Saturday, June 9, 2012

Have U.S Treasury bonds, and the U.S. dollar, topped? Chart levels to watch

Two significant developments that occurred this past week were in the U.S. Treasury bonds, and the U.S. dollar. It is possible that both of these made significant highs and will correct from them. We'll look at each in turn. First, it's interesting that the yield on 10-year bonds hit a low at 1.44 (14.40 on the $TNX chart), because that happens to be a classic Fibonacci number!

Now, here are daily and monthly charts of the long bond, $USB (traded in futures markets as /ZB). We were on alert for a significant high around $150 because that would trigger a bearish "butterfly) Fibonacci pattern, and it also puts it at the top of a very long-term trendline. Sure, it could go higher theoretically, and if it got to $160 that would be another bearish butterfly level. But there are reasons to consider this may be "the top" unless something about the world economic situation really goes to pieces - who knows!
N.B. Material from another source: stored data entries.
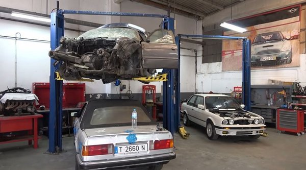 Maga a videó több mint egy órás, de úgyis hétvége van, megéri rászánni az időt. Már a nyitó képsorok is erősek: a repülő- és autóút után a nagy műhelycsarnokba benyitva az egyik sarokban egy géptető nélküli E30, mellette a csáposon egy másik kocsi, alaposan szétbontva. Mintha csak ebédszünetre mentek volna a szerelők.
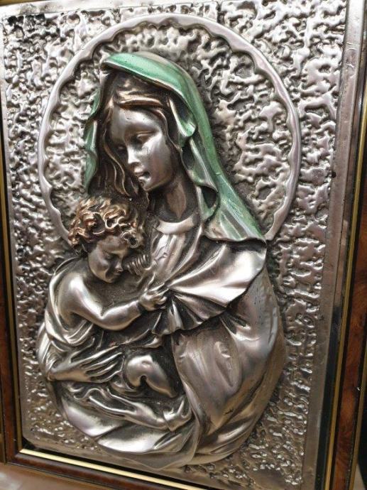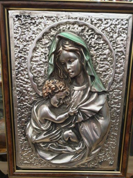 Slika, rad u srebru, predivan rad, odlično stanje. Marija s djetetom.
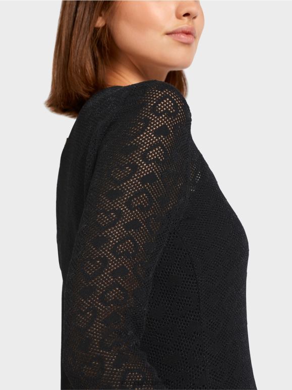 סוודר קל משקל בשילוב של חומרים עם עיצוב מחורר בצורת לב. הסוודר השקוף הצבעוני הזה נסרג והושלם בשטח שלנו בגרמניה. עיבוד נוסף של החלקים הבודדים מתבצע על ידי החברות השותפות שלנו באירופה. זה הופך את עיצוב הצוואר ל"סרוג בגרמניה". הצללית חובקת דמות.
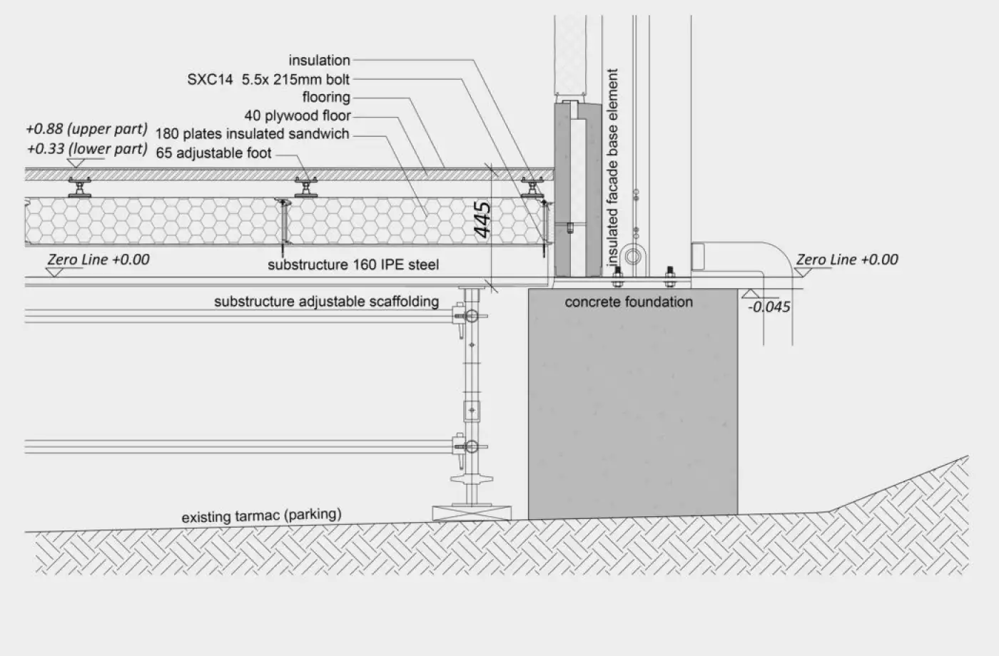 The sloping conference floor was made of scaffolding material. Sandwich panels were laid on top. These panels are normally only used for walls and roofs. On the one hand, this method is sustainable (reusability of the materials) and on the other hand, it is installed very quickly.
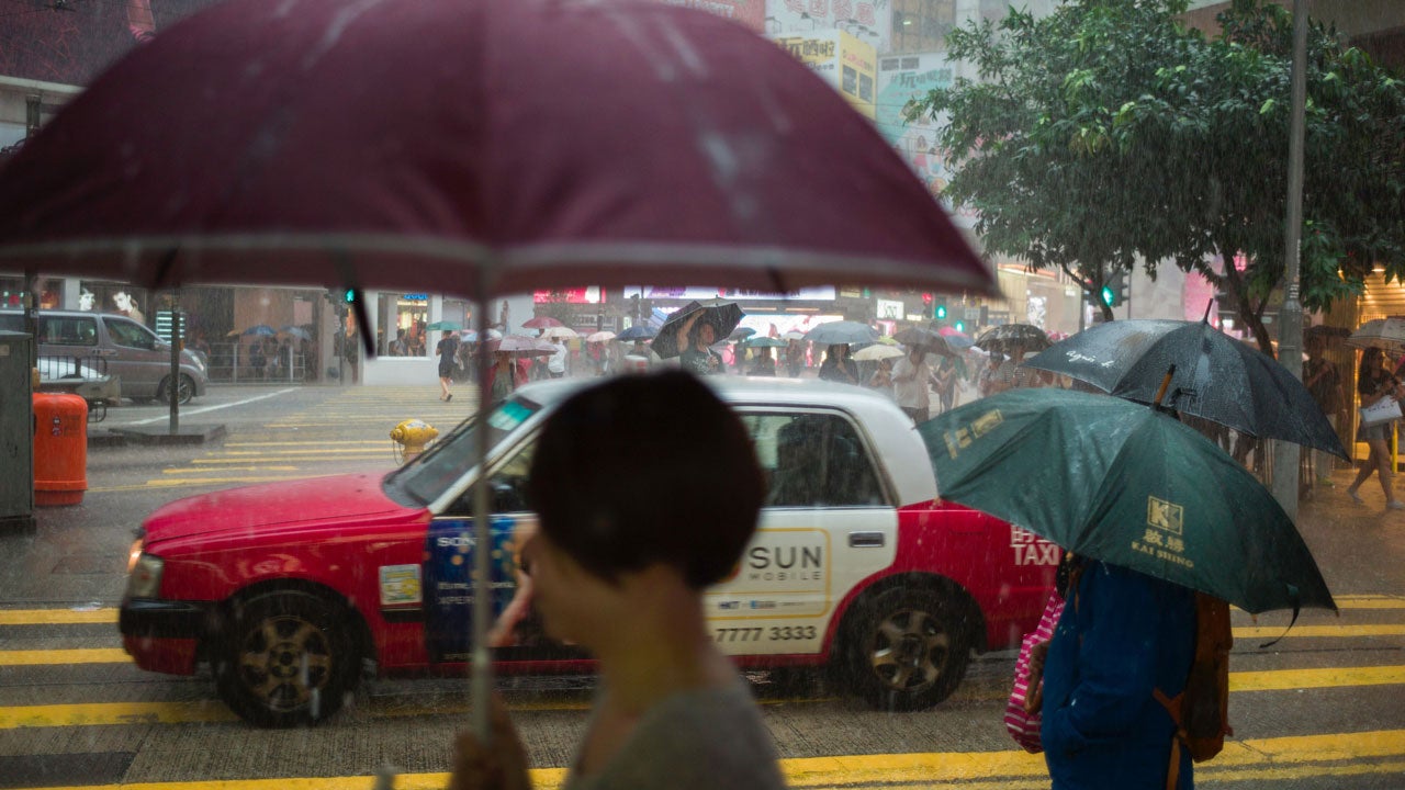 Pedestrians walk with umbrellas during a heavy downpour in Hong Kong's Causeway Bay district on Oct. 19, 2016.

Then again, if the financial situation fell apart, it's also quite possible that investors would not want US bonds either because there might be concerns about ability to repay in full ... so consider that ...! Meantime, for trading purposes, we are looking to $146 initially, and depending on what kind of bounce or more might occur from there, it could drop further to test $144 (another Fibonacci level), then 138, even 136.

While it's likely to bounce on the expected way down, the type of downtrend that may set in should create its own channel and we will look for how it reacts according to the markings I placed on these charts. (Notice I also drew a horizontal oval where there's an interesting gap that might get filled, further down and still above the most recent swing lows ... depending on if and when that gap is filled, it might even correspond to a new higher-low level for the big uptrending channel to test.

Eventually, the long-term uptrend channel is likely to give way, but that seems unlikely to happen this year.

Next are daily and monthly charts of the US dollar. You'll notice that among my markings are a .618 Fibonacci retrace on the monthly chart, which contained its rally and sent it back down again this past week. I consider this retrace level to be very significant, because it could send the dollar index back down around 61 - yes, significantly lower lows ... No guarantee of course, but don't discount the possibility. I base the potential projection to 61 partly on Fibonacci extension analysis, and partly on my understanding of the possible Elliott Wave context that may have the dollar consolidating before another wave down. Yes, so far it's just a consolidation - and could break higher OR lower. Maybe policymakers will have a hand in that. We'll just keep an eye on the charts. Since the level just tested is so close by, it's reasonable to look for it to descend further - and only if it breaks above that level, to change positions accordingly.

Investors and traders need to keep an eye on the dollar and use the levels marked on my charts as places to watch for support levels that are likely to be tested. If these support levels give way after being tested, then it's a matter of considering whether it indeed will weaken that far down. Again, it doesn't seem likely to happen this year, but we do need to observe how it moves from here - especially if it does move down quickly.